Nous, les Latino-américains de bonne foi, ne pouvons cesser de ressentir comme une gifle sur notre propre joue la sous-estimation raciste de ceux qui élèvent des murs sur l’immense frontière qui sépare le Mexique de son voisin du nord.
Etre avec le Mexique en ces heures difficiles est notre nouvel engagement dans la plus parfaite tradition “martienne”. (1) Exilé au Mexique, José María Heredia (2) disait avec fierté « nous, les Américains ». Il faisait allusion à l’univers qui s’étend au sud du Río Bravo et va jusqu’à l’arc des Antilles. « Si près des Etats-Unis et si loin de Dieu » ont coutume de dire les Mexicains. Plus récemment, Fidel disait qu’à la différence de ce qui est arrivé sur d’autres continents, les affrontements armés entre nos pays ont été relativement rares.
L’essence commune de notre histoire, à partir de la conquête espagnole, a des points de contacts qui favorisent une certaine proximité malgré des différences culturelles qui ne peuvent pas être éludées. Pour de nombreuses raisons géographiques et historiques, le Mexique nous est particulièrement proche.
Je dois reconnaître que, dans mon petit cœur, je garde un endroit particulier pour « la douce patrie. » Cela s’est fait par des amitiés, des lectures et des voyages. A cause de cela, je rougis de colère et de honte quand je vois les politiques xénophobes qui réaffirment la sous-estimation de ce que nous sommes et de l’oeuvre accomplie par les peuples originaires de ce monde. Ne nous y trompons pas. Le racisme comprend, au-delà de la couleur de la peau, tous ceux qui ont été qualifiés de latinos.
Comme Heredia, Martí a eu des amis au Mexique qui ont profondément pénétré sa pensée. Sur cette terre est tombé Julio Antonio Mella. Les membres de l’expédition du Granma ont trouvé là une aide inestimable.
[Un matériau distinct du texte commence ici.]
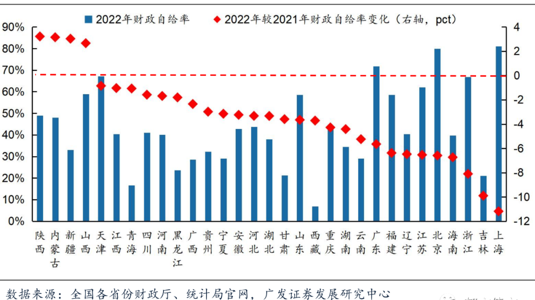 財政自給率是要衡量地方本級收入與最終支出的比例關(guān)系,財政自給率越高,表明地方財政平衡能力越強,經(jīng)濟發(fā)展越健康。2022年,僅陜西、內(nèi)蒙古、新疆和山西公共預(yù)算收入大幅增長,其余27省財政自給率均有所下降,其中上海、吉林財政自給率下降超過10個百分點,浙江、海南、北京和江蘇財政自給率也下降較多。另外,隨著土地紅利逐漸消解,地方政府土地出讓收入持續(xù)下降。因此,發(fā)展壯大主導(dǎo)產(chǎn)業(yè),打造高質(zhì)量產(chǎn)業(yè)體系,擴大稅收收入占比,提升財政收入質(zhì)量,已成為各地方政府未來工作的重中之重。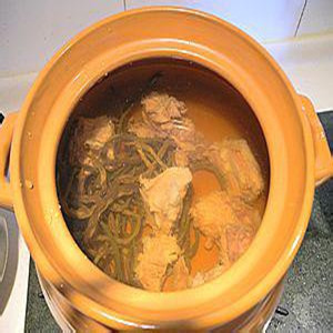 8.1小时后,将豆角段放入,炒匀,继续炖约20分钟,中间翻炒几下,让豆角入味均匀,根据口味加适量盐即可。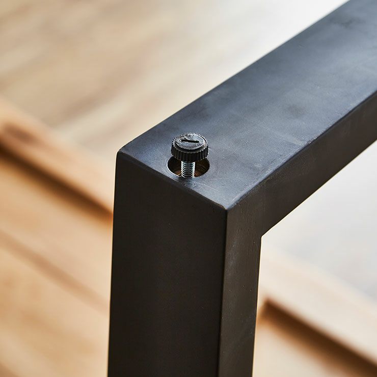 重厚感ある天板の厚みは約6センチ。脚裏にはアジャスターが付いているので、テーブルのがたつきの際に微調整が可能です。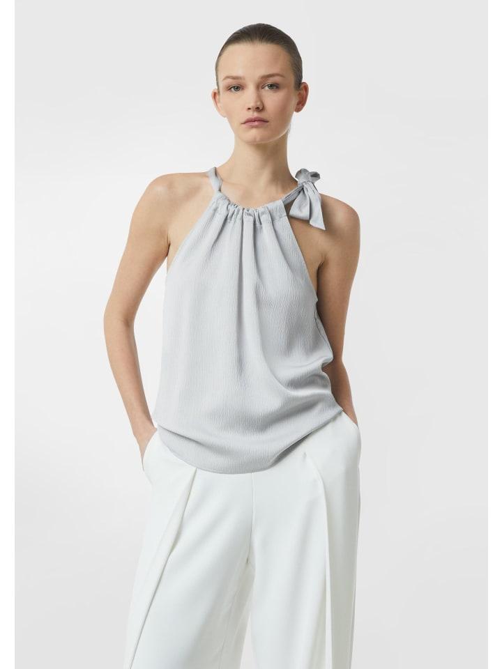 Элегантность и изысканность: этот атласный топ без рукавов с завязкой добавит вашему образу женственности. Высокий вырез и игривые оборки создают гармоничный баланс между изысканностью и очарованием. Текстурированный топ из высококачественной ткани красиво драпируется и подходит для самых разных образов - от офиса до свидания.

Les échanges entre nos pays ont commencé dès le départ d’ Hernán Cortés pour le Mexique, ont continué avec l’accueil d’exilés de gauche et de droite dans les 2 pays. Ils ont été plus intenses à partir de la révolution mexicaine qui, avec ses revendications agraires et nationalistes, a secoué toute l’Amérique Latine. Pour les intellectuels, les mesures prises par José Vasconcelos sont devenues des exemples d’un modèle à suivre. Le muralisme (3) a eu une répercussion universelle. Quelque chose de similaire s’est produit avec la stimulation de la lecture et la publication de livres.
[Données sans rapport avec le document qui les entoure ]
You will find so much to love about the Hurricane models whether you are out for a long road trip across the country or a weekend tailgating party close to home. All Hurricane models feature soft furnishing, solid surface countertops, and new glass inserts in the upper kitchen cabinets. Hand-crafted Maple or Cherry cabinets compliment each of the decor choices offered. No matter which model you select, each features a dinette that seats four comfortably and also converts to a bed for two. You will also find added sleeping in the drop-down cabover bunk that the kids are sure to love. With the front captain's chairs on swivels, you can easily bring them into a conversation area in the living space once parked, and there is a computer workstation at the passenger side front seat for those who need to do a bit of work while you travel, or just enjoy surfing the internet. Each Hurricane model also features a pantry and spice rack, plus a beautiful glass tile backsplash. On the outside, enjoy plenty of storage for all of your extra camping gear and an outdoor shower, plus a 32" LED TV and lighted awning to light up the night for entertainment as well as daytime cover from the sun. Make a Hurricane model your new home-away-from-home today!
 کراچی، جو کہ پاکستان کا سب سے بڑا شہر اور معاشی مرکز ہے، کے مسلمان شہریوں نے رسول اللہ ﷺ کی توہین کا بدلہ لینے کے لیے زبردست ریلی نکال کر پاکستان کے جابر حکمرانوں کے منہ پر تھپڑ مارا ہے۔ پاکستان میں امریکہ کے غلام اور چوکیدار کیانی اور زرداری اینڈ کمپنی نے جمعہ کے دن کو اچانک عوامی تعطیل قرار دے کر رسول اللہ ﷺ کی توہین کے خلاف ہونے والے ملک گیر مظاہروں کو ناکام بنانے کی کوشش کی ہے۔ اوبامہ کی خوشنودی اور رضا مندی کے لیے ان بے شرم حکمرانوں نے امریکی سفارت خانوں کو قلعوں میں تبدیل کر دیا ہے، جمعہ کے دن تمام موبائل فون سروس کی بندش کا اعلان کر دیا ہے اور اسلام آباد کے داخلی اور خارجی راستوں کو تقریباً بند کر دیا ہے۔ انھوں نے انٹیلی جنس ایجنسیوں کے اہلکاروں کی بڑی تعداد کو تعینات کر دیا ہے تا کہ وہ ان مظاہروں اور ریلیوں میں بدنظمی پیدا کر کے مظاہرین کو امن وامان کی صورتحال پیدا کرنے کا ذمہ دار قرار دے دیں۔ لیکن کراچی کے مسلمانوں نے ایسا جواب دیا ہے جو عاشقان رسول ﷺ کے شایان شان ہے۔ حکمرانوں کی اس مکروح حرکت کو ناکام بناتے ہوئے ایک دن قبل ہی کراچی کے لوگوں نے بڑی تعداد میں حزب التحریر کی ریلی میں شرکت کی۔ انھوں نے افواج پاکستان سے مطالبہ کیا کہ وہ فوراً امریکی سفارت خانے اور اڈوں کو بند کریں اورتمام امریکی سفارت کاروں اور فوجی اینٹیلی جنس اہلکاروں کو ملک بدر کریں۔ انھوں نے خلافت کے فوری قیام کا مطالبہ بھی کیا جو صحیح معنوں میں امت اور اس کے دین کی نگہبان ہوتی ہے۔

Dans le milieu populaire, le dialogue avec le Mexique a eu encore plus de portée. Nous avons appris à chanter « Si Adelita est partie avec un autre. » Pancho Villa y Emiliano Zapata sont devenus des symboles comme ailleurs les « mariachis ». L’expansion du cinéma a renforcé cette relation encouragée par les images de Jorge Negrete (4) ( très apprécié à La Havane dans les années 40 du siècle dernier) et de María Bonita. (5)
Sur le plan de la lutte anti-coloniale, l’image de Lázaro Cárdenas (6) est devenue celle d’un géant avec la nationalisation du pétrole, le soutien à l’Espagne républicaine et l’accueil d’un exil dont la culture mexicaine tirerait d’importants bénéfices. Mes contemporains des années 50 ont commencé une critique des erreurs du PRI, de la prison arbitraire à Lecumberri et des syndicats de mèche avec les patrons.
Il ne me revient pas de faire, dans cet article, une analyse de la politique du pays voisin. Nous ne pouvons pas oublier, cependant, que les membres de l’expédition du Granma se sont entraînés là et que le Mexique, fidèle à ses principes, n ‘a jamais rompu les relations avec la Cuba harcelée.
Nous, les Latino-américains de bonne foi, ne pouvons cesser de ressentir comme une gifle sur notre propre joue la sous-estimation raciste de ceux qui élèvent des murs sur l’immense frontière qui sépare le Mexique de son voisin du nord, qui qualifient de « délinquants » et de « parasites sociaux » les représentants d’un peuple qui a été amené par la misère à ramasser les fruits en Californie et contribue à faire la richesse de ceux qui les méprisent.
L’arrogance des riches est basée sur une ignorance pathétique. Les habitants du Mexique pré-hispanique ont donné au monde une culture d’une richesse infinie. Le musée d’anthropologie de Mexico n’a rien à envier au Louvre ou au Prado.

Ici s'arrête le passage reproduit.